RECORDS PROVIDED section start
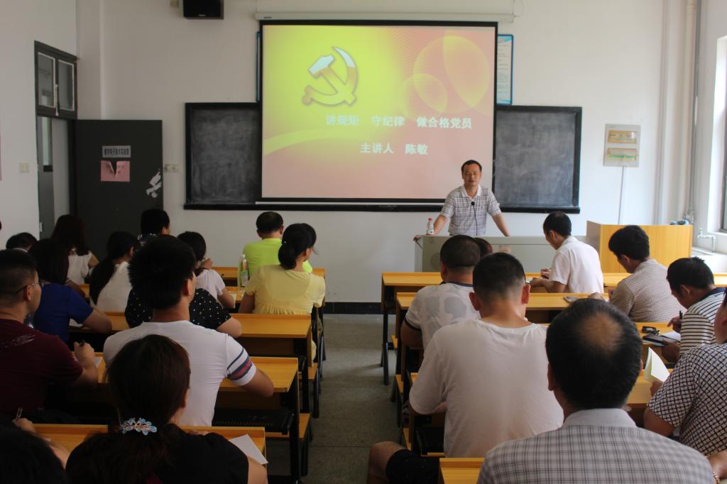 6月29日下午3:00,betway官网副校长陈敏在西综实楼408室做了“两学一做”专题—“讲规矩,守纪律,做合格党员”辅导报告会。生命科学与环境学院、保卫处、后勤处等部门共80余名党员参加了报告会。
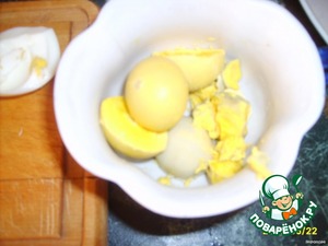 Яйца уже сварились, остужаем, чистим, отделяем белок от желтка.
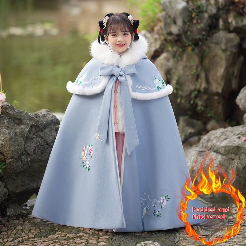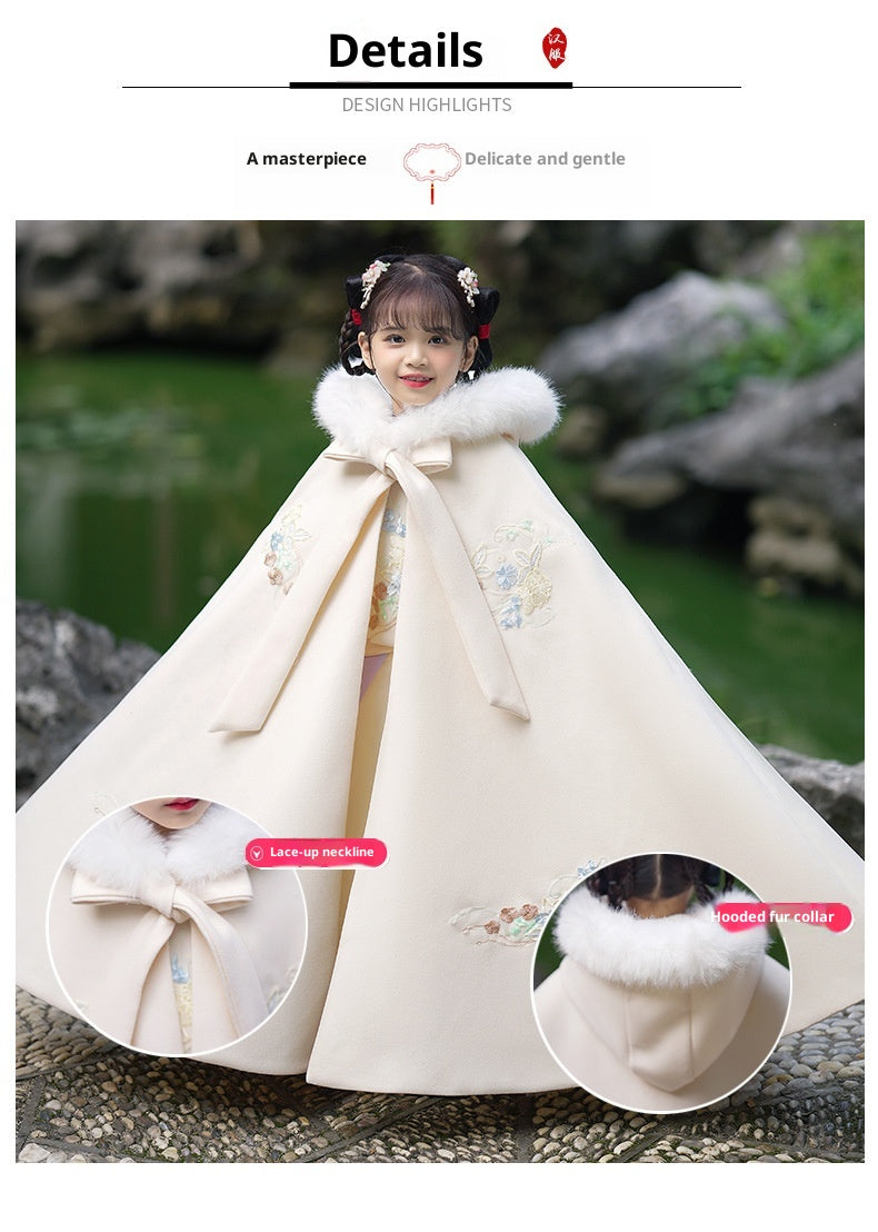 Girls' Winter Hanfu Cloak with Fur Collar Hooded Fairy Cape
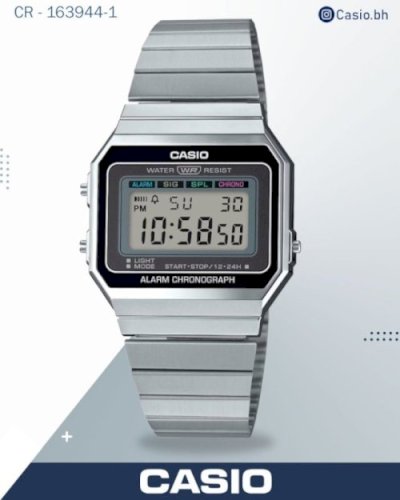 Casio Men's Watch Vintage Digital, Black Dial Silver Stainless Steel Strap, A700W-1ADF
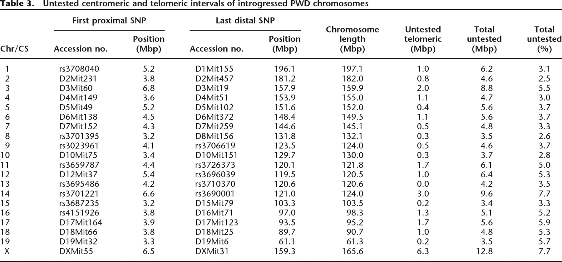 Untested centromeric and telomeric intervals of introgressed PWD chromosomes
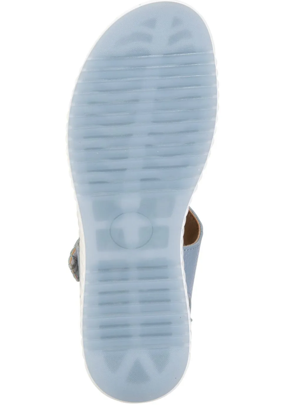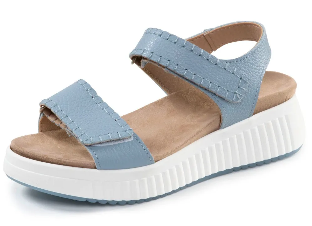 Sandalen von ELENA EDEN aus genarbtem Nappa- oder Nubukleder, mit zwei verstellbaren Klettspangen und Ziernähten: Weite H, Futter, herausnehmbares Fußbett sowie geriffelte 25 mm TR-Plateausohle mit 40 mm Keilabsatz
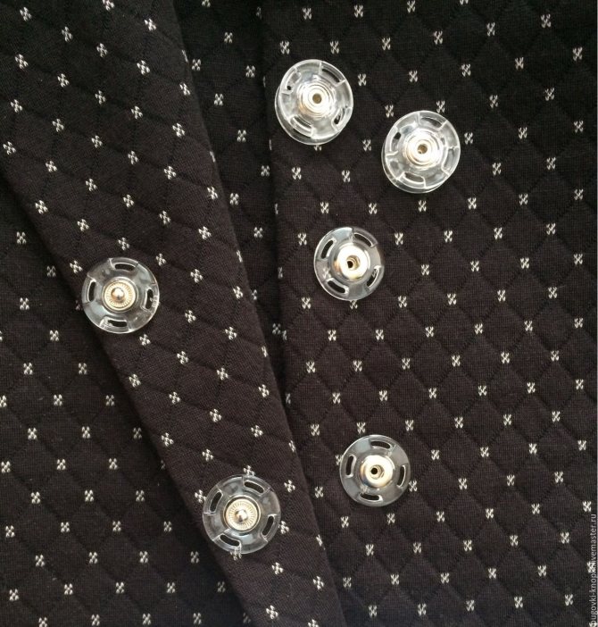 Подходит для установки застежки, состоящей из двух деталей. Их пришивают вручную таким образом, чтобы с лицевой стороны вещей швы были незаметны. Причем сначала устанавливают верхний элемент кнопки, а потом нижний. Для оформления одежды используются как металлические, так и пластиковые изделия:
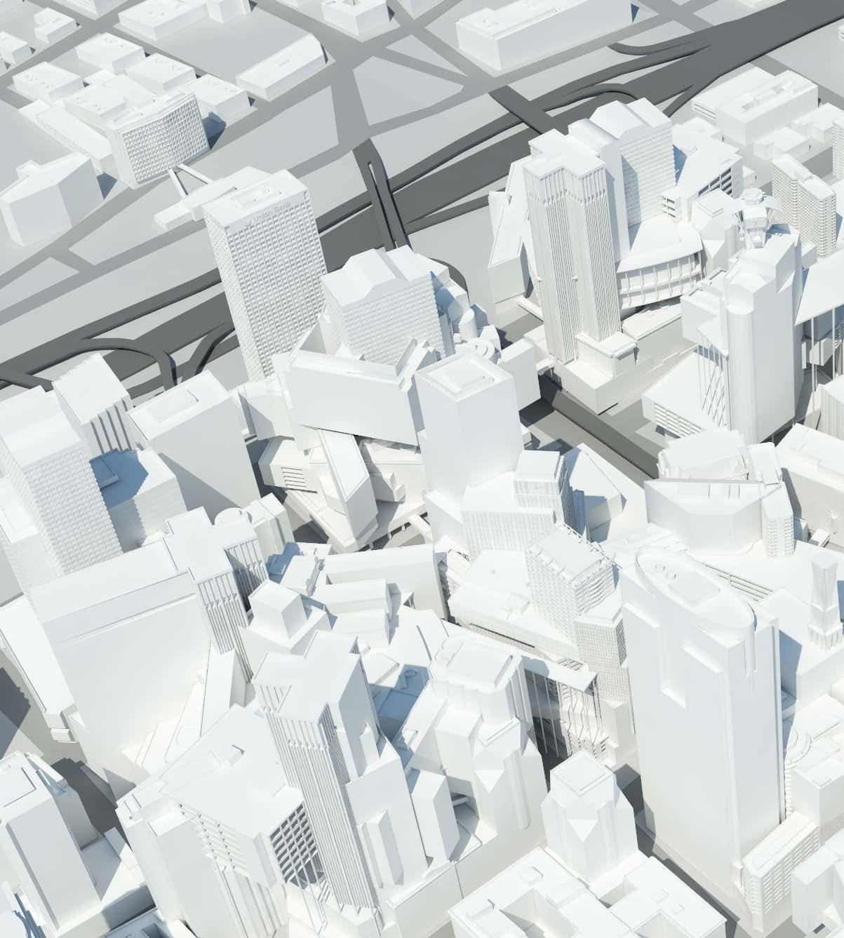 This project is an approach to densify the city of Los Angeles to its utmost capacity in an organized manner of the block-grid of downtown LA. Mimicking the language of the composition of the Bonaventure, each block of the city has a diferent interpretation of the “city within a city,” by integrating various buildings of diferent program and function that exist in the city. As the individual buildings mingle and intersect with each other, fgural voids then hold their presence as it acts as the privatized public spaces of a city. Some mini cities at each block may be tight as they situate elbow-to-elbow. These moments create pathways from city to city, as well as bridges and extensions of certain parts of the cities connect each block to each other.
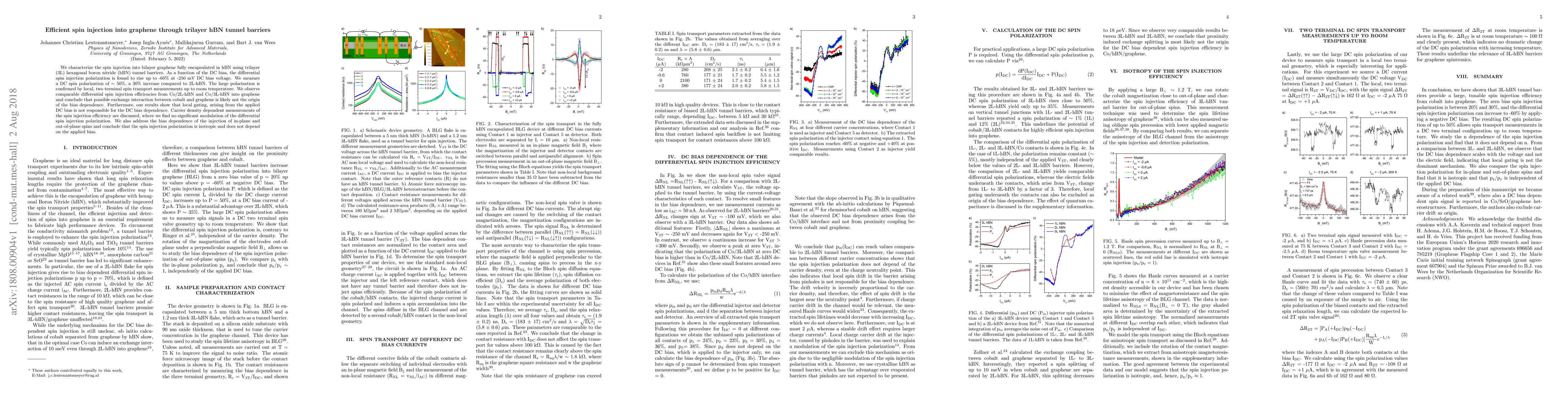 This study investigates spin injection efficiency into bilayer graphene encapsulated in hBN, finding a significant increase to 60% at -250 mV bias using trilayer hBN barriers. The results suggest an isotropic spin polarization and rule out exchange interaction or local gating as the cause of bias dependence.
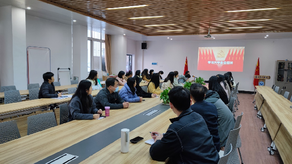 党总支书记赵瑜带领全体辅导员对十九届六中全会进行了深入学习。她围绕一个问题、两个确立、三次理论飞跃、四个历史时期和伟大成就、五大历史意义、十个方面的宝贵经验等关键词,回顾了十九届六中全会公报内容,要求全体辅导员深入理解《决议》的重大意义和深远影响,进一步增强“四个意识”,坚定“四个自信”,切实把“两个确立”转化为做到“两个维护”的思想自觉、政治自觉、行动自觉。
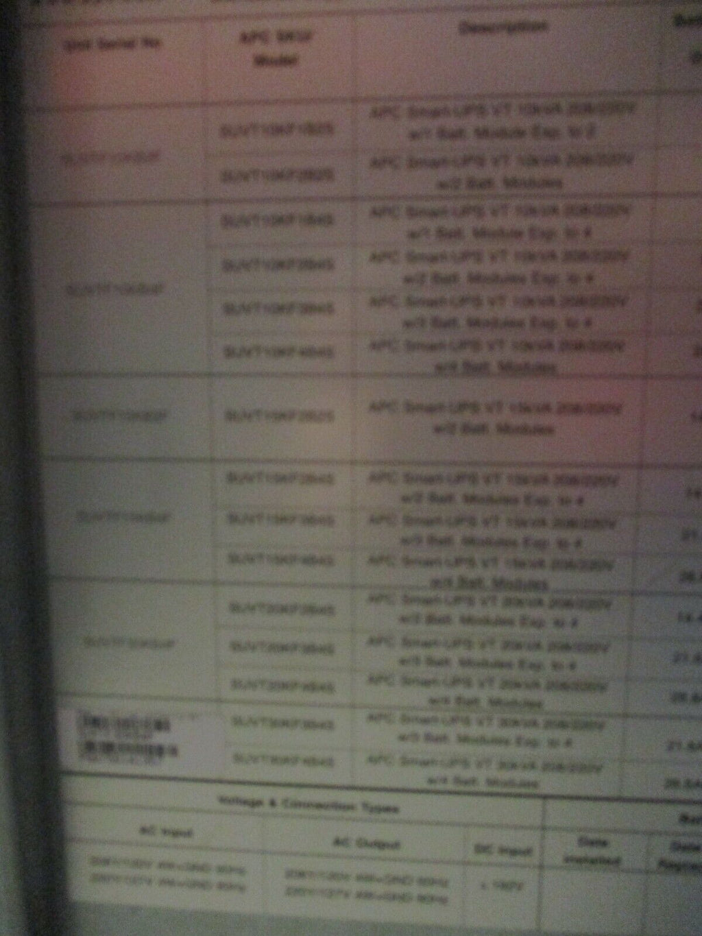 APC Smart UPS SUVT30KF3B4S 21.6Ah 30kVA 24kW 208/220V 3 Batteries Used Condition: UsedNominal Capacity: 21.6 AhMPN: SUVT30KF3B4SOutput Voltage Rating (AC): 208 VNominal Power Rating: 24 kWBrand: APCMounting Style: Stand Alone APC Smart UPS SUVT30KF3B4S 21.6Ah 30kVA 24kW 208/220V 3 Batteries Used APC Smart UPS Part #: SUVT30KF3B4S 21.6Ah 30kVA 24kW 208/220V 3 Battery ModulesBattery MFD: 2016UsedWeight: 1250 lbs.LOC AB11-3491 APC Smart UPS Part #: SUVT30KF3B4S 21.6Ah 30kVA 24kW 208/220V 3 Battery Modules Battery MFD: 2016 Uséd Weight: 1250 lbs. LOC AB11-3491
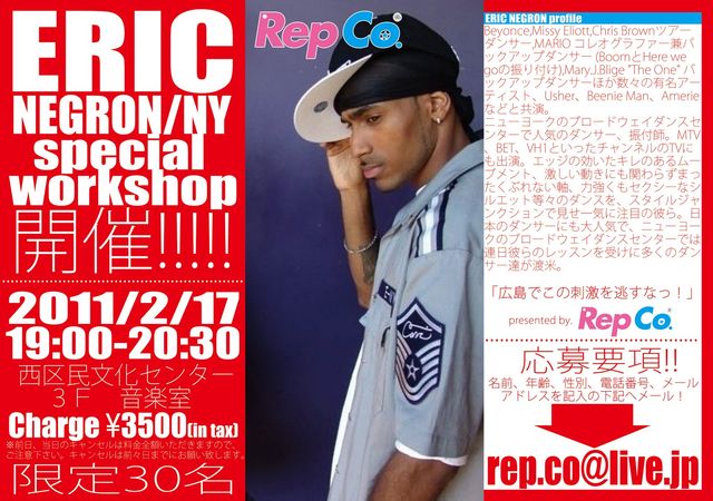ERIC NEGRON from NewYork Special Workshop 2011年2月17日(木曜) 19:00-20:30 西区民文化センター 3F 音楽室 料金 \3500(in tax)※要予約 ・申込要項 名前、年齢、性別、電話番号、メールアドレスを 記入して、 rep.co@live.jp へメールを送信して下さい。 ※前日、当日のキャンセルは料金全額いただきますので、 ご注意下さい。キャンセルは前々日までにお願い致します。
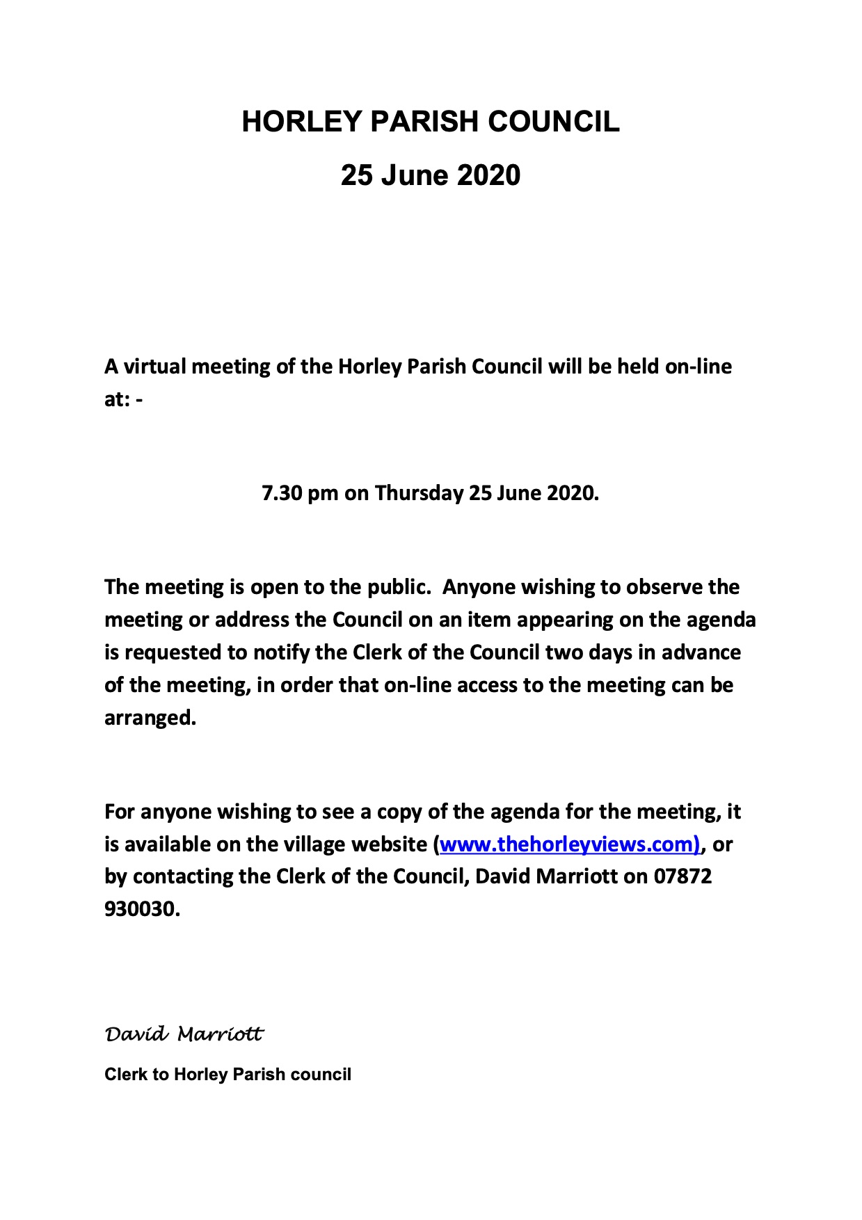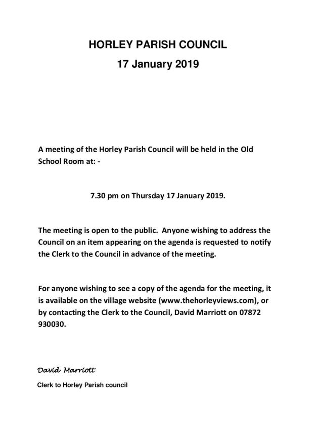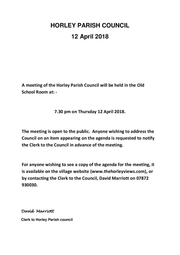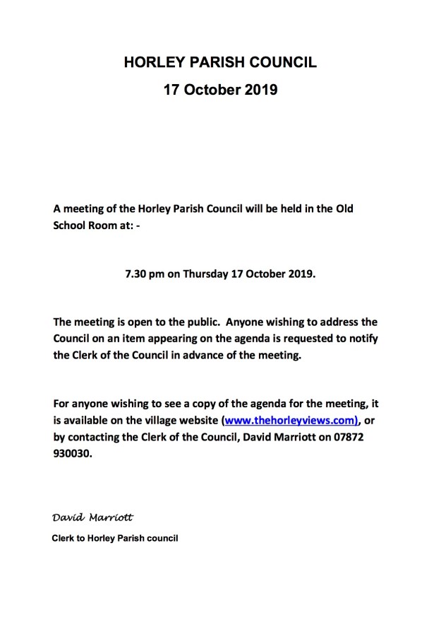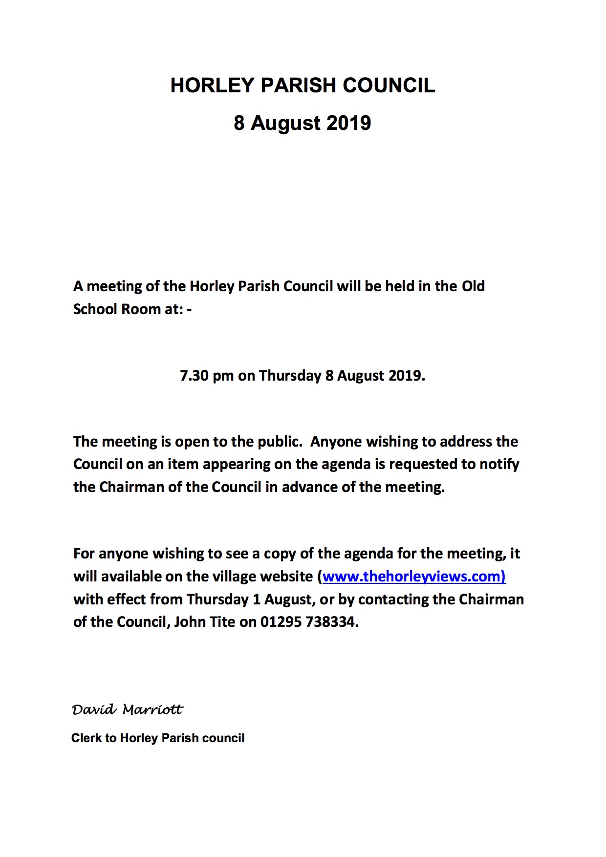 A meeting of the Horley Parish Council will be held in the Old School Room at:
RECORDS PROVIDED section end
The answer should contain only the lines from the beginning of the material above through the line with "党总支书记赵瑜带领全体辅导员", retyped exactly, with the pictures removed.

 6月29日下午3:00,betway官网副校长陈敏在西综实楼408室做了“两学一做”专题—“讲规矩,守纪律,做合格党员”辅导报告会。生命科学与环境学院、保卫处、后勤处等部门共80余名党员参加了报告会。
 Яйца уже сварились, остужаем, чистим, отделяем белок от желтка.
 Girls' Winter Hanfu Cloak with Fur Collar Hooded Fairy Cape
 Casio Men's Watch Vintage Digital, Black Dial Silver Stainless Steel Strap, A700W-1ADF
 Untested centromeric and telomeric intervals of introgressed PWD chromosomes
 Sandalen von ELENA EDEN aus genarbtem Nappa- oder Nubukleder, mit zwei verstellbaren Klettspangen und Ziernähten: Weite H, Futter, herausnehmbares Fußbett sowie geriffelte 25 mm TR-Plateausohle mit 40 mm Keilabsatz
 Подходит для установки застежки, состоящей из двух деталей. Их пришивают вручную таким образом, чтобы с лицевой стороны вещей швы были незаметны. Причем сначала устанавливают верхний элемент кнопки, а потом нижний. Для оформления одежды используются как металлические, так и пластиковые изделия:
 This project is an approach to densify the city of Los Angeles to its utmost capacity in an organized manner of the block-grid of downtown LA. Mimicking the language of the composition of the Bonaventure, each block of the city has a diferent interpretation of the “city within a city,” by integrating various buildings of diferent program and function that exist in the city. As the individual buildings mingle and intersect with each other, fgural voids then hold their presence as it acts as the privatized public spaces of a city. Some mini cities at each block may be tight as they situate elbow-to-elbow. These moments create pathways from city to city, as well as bridges and extensions of certain parts of the cities connect each block to each other.
 This study investigates spin injection efficiency into bilayer graphene encapsulated in hBN, finding a significant increase to 60% at -250 mV bias using trilayer hBN barriers. The results suggest an isotropic spin polarization and rule out exchange interaction or local gating as the cause of bias dependence.
 党总支书记赵瑜带领全体辅导员对十九届六中全会进行了深入学习。她围绕一个问题、两个确立、三次理论飞跃、四个历史时期和伟大成就、五大历史意义、十个方面的宝贵经验等关键词,回顾了十九届六中全会公报内容,要求全体辅导员深入理解《决议》的重大意义和深远影响,进一步增强“四个意识”,坚定“四个自信”,切实把“两个确立”转化为做到“两个维护”的思想自觉、政治自觉、行动自觉。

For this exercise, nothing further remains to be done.